Milestones reached so far: None 🤭

dirkwhoffmann commented 4 years ago

Here is something puzzling:

When executing ori.b #$0, $8010.w, Musashi writes the result back to $ff8010 whereas Moira writes back to $8010. The discrepancy got trapped by my sandbox:

Instruction: ori.b   #$0, $8010.w

ACCESS 0 DOESN'T MATCH:
i:  0  Type: Poke8   Addr:   8010  Cycle: 18  Value:    0  

ACCESS RECORD:
i:  0  Type: Poke8   Addr: ff8010  Cycle:  0  Value:    0

Here is the corresponding Musashi code:

static void m68k_op_ori_8_aw(void)
{
    uint src = OPER_I_8();
    uint ea = EA_AW_8();

    uint res = MASK_OUT_ABOVE_8(src | m68ki_read_8(ea));

    m68ki_write_8(ea, res);

    FLAG_N = NFLAG_8(res);
    FLAG_Z = res;
    FLAG_C = CFLAG_CLEAR;
    FLAG_V = VFLAG_CLEAR;
}

EA_AW_8 does sign-extension which means that $8010 becomes $FFFF8010. Because the 68000 has a 24-bit address bus, this is cropped to $FF8010.

What is going on here? 🤔 When I use a word operand (####.w), is it really treated as a signed number? I can't really believe this...

dirkwhoffmann commented 4 years ago

Indeed, the 68000 compiler issues an error message. Apparently, word addresses are treated as signed numbers 🤭:

error 2033 in line 43 of "ori1.s": absolute short address out of range
>   ori.b #$C5,$8010.w

mithrendal commented 4 years ago

also lea $8010.w,a1 gives a absolute short address out of range whereas lea $7fff.w,a1 is correct....

it is apparently not specific to ori...

Somehow ori reminds me on tolkiens dwarf names. Don't know why. Lets see what were the dwarf names ... Dwalin, Balin, Kili, Fili, Dori, Nori, Ori, Oin, Gloin, Bifur, Bofur, Bombur and Thorin.

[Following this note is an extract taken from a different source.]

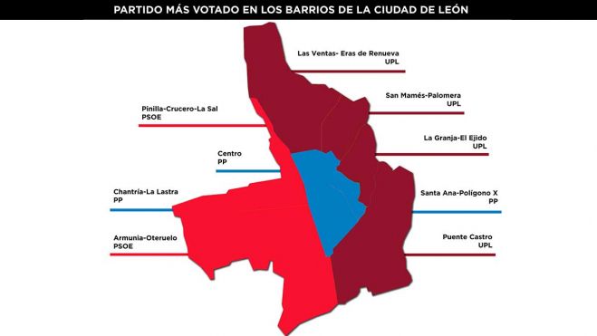 De este modo, UPL fue el partido más votado en cuatro distritos, en tantos como el PP. En Las Ventas, Eras de renueva, San Esteban, San Mamés, Palomera, San Lorenzo, Puente Castro, La Granja y El Ejido se registraron este domingo victorias leonesistas.

Wow there is even a fan dome page for ori !!! Did not know that !

https://lotr.fandom.com/wiki/Ori

Ori was born in the late third age ... and has died 🙈 in TA2994 (does that mean TolkinAge?)

Completely fictional fact: Much later in modern days they invented a microprocessor instruction and for his honors gave it his name....

dirkwhoffmann commented 4 years ago

Dwalin, Balin, Kili, Fili, Dori, Nori, Ori, Oin, Gloin, Bifur, Bofur, Bombur and Thorin.

Oh, I see, it's this guy Moira has trouble with. Anyway, I think she is too young to have a friend (nope, no co-processors yet, Moira!).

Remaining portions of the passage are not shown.